Data below:

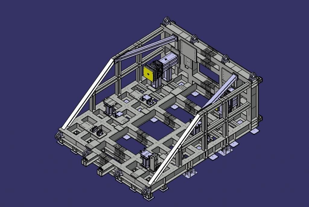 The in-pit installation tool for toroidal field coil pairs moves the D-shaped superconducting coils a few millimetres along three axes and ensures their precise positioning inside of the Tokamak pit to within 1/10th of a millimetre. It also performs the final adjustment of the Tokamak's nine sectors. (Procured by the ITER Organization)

End of Data.
Data below:

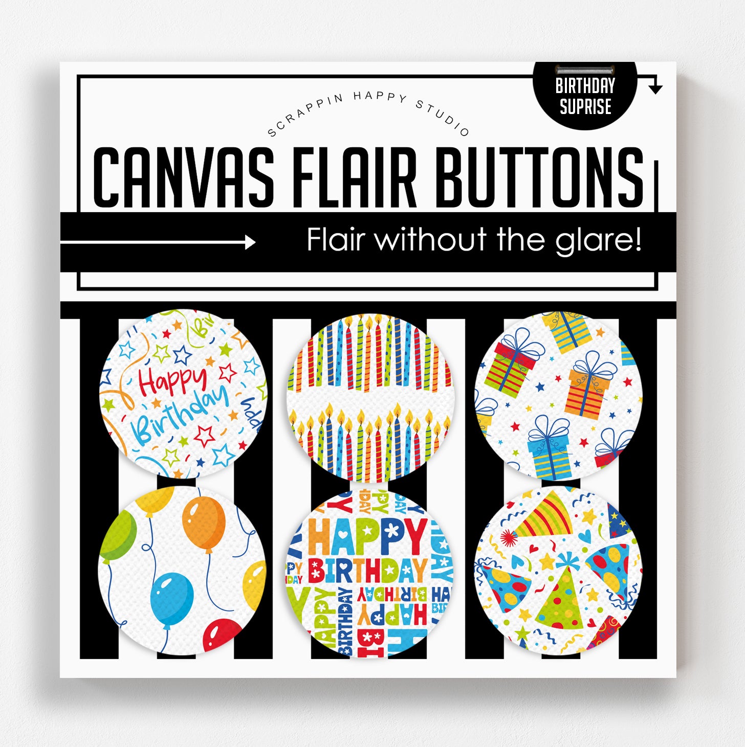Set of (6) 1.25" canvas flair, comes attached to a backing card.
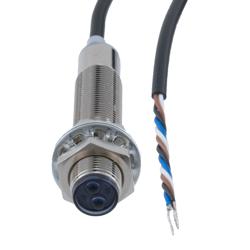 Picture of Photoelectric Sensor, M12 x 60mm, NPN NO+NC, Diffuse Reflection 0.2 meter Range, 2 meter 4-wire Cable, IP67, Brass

End of Data.
Data below:

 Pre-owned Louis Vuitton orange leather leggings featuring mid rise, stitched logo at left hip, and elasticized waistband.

End of Data.

◆ Activity: Start with the line with "a backing card." in the listing above and stop after the line with "Picture of Photoelectric". Write out exactly the lines in that stretch and no others, without pictures.

◆ Reply:
Set of (6) 1.25" canvas flair, comes attached to a backing card.
 Picture of Photoelectric Sensor, M12 x 60mm, NPN NO+NC, Diffuse Reflection 0.2 meter Range, 2 meter 4-wire Cable, IP67, Brass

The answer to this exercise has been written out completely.